Jefferson City, Mo. - Missouri Gov. Matt Blunt signed legislation at press time to create the Large Animal Veterinary Student Loan Program and wants to earmark $500,000 to pay for it.
JEFFERSON CITY, MO. — Missouri Gov. Matt Blunt signed legislation at press time to create the Large Animal Veterinary Student Loan Program and wants to earmark $500,000 to pay for it.
It's the latest effort by a state government to tackle what's been dubbed a nationwide manpower drought in large-animal veterinary medicine.
The state now joins at least six others addressing what the American Veterinary Medical Association's Adrian Hochstadt, JD, CAE, describes as a "real hot issue" for lawmakers trying to deal with areas underserved by the profession's migration from small-town farm service to urban small-animal practice.
Most efforts are designed to provide education loan repayment incentives for new graduates to practice in rural areas for a contractual number of years.
The Missouri action follows programs in Maine, Louisiana, Ohio, North Dakota, Pennsylvania and Kansas, according to AVMA. Similar bills are pending in New York and Wisconsin, confirms Hochstadt, assistant director state regulatory and legislative affairs.
"This is the No. 1 issue for state legislators who contact us," he says. "We offer them samples of model legislation and tell them what's already out there."
Currently under way are an Ohio education repayment program that is offered to more than just the state's veterinary students and a plan to require the University of Tennessee's veterinary college to grant admissions preference to applicants with agriculture backgrounds or those interested in food-animal medicine.
Oklahoma is retooling a failed tax-break proposal for food-animal practitioners while Illinois lawmakers, prompted by the state veterinary medical association and University of Illinois, are talking about creating a student incentive system.
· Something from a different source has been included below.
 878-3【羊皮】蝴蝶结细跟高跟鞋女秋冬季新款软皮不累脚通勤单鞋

Missouri's new law is designed to create a "corps of young, talented veterinarians ready to serve family farmers in undeserved areas across the state, helping to ensure that the next generation of Missouri's family farmers has the veterinary resources available to continue our state's agricultural tradition," Gov. Blunt announced last month on his Web site.
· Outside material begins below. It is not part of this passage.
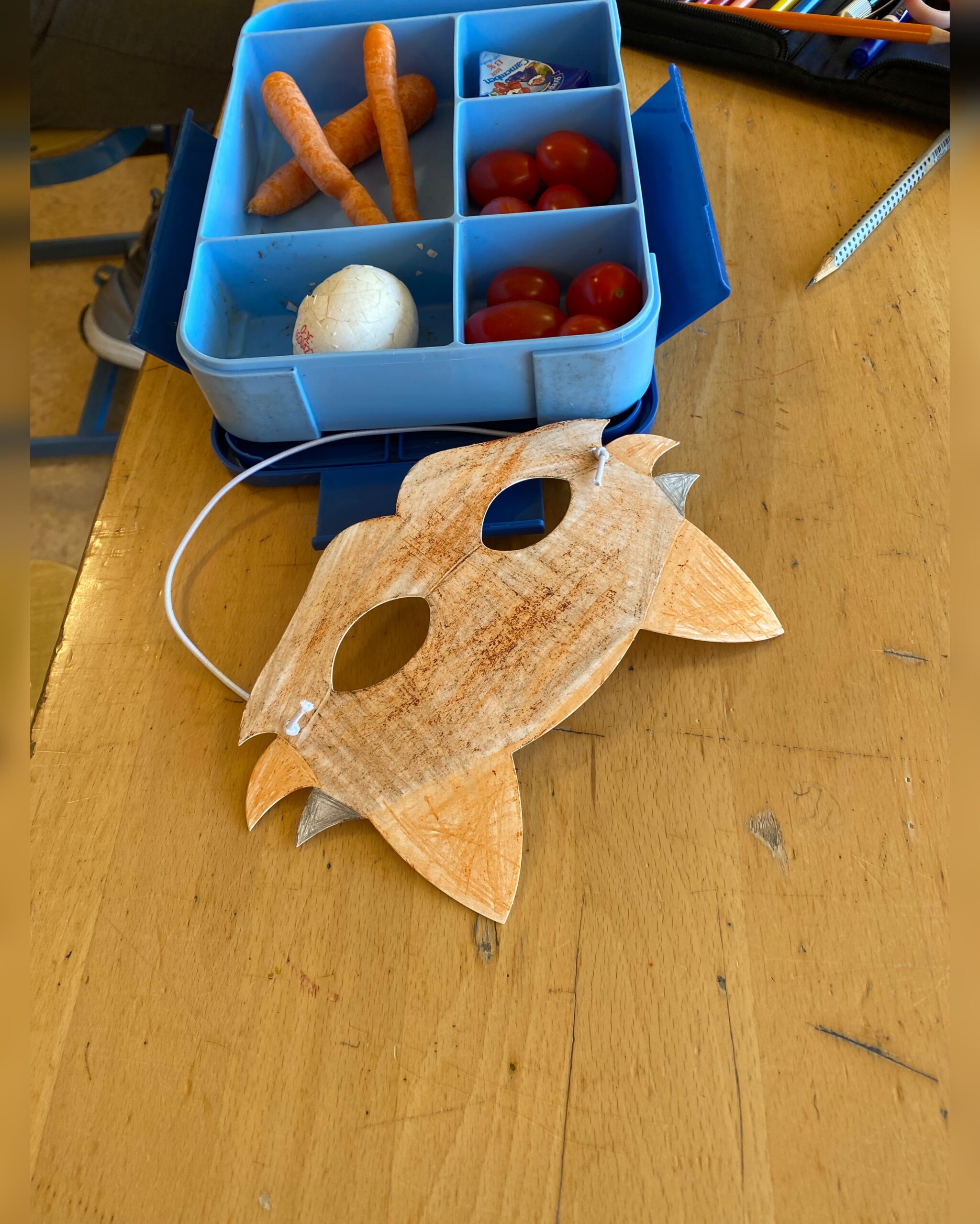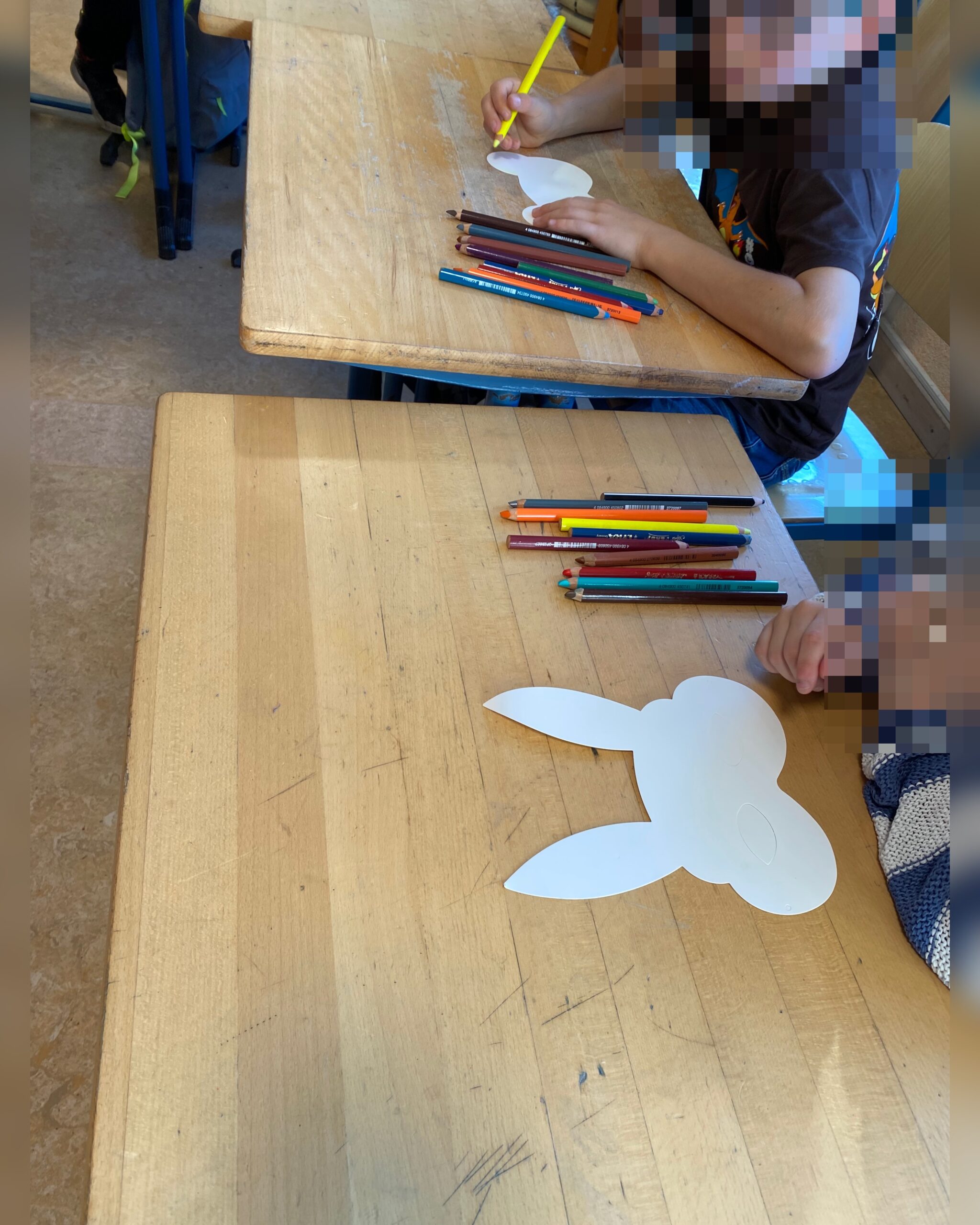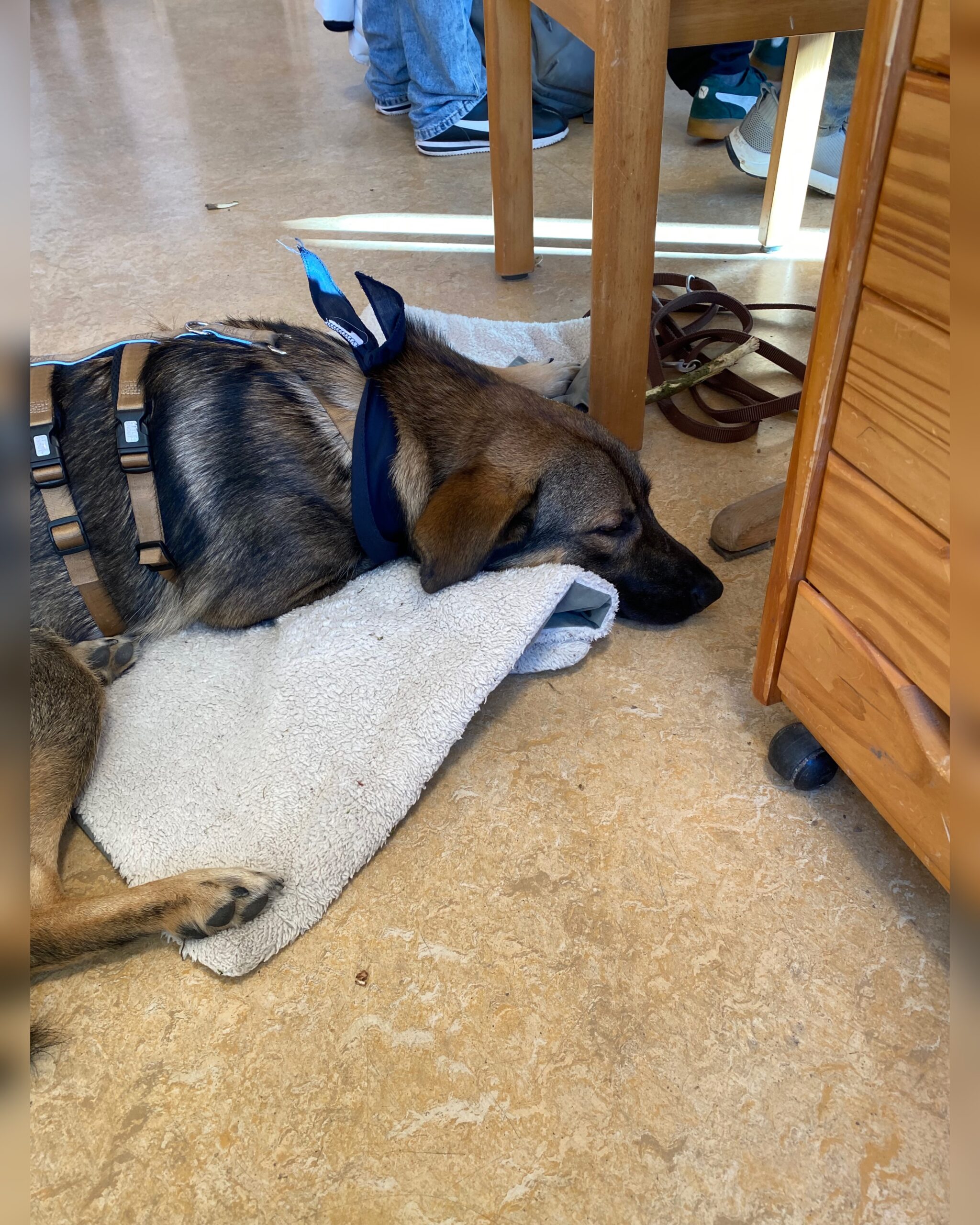 Am darauf folgenden Tag ging es gleich frisch und munter in die Schule, wo Samy auch seine Decke mitbrachte. Dank der tollen Vorbereitung durch ihren Klassenlehrer wussten die Kinder schon Bescheid über die Hunderegeln, sodass Samy sich sofort wohl fühlte und sich entspannt niederließ. Währenddessen waren die Kinder kreativ am Werk und malten Tiermasken, die die Eva-Maria mitgebracht hatte. Doch die Zeit für den Abschied rückte näher, und wir hatten eine ganz besondere Überraschung für die Klasse: Sie durften die neuen Patenklasse für die zweite Klasse werden für das Projekt! Projektstart ist Januar 2026. Eine wunderbare Gelegenheit, den neuen Schülern ein Gefühl von Sicherheit und Orientierung zu bieten. Die Kinder sowie auch der Klassenlehrer und seine fachliche Assistentin erhielten eine kleine, feine Aufmerksamkeit.

Such efforts go beyond what's being done at federal levels despite organized veterinary medicine's push to create nationwide food-animal practitioner incentives. Missouri's new law comes just $250,000 shy of allocations tied to the National Veterinary Medical Services Act — a program originally designed to repay the education debt of rural veterinarians across the country. Due to a bureaucratic twist, $750,000 of the $1 million originally earmarked for rural veterinarians now will be appropriated to DVMs who fill vacant Food Safety and Inspection Service posts, a public health agency within the United States Department of Agriculture (USDA). The move, while criticized in organized veterinary medicine, also outlines USDA's plans to reserve $50,000 of NVMSA funds for administrative costs and save $200,000 for future needs.
It's a disappointment, but state lawmakers are picking up the slack, Hochstadt says.
"They're hearing from their constituents that there's a real shortage of veterinarians, and perhaps it's time to think outside the box on this," he says.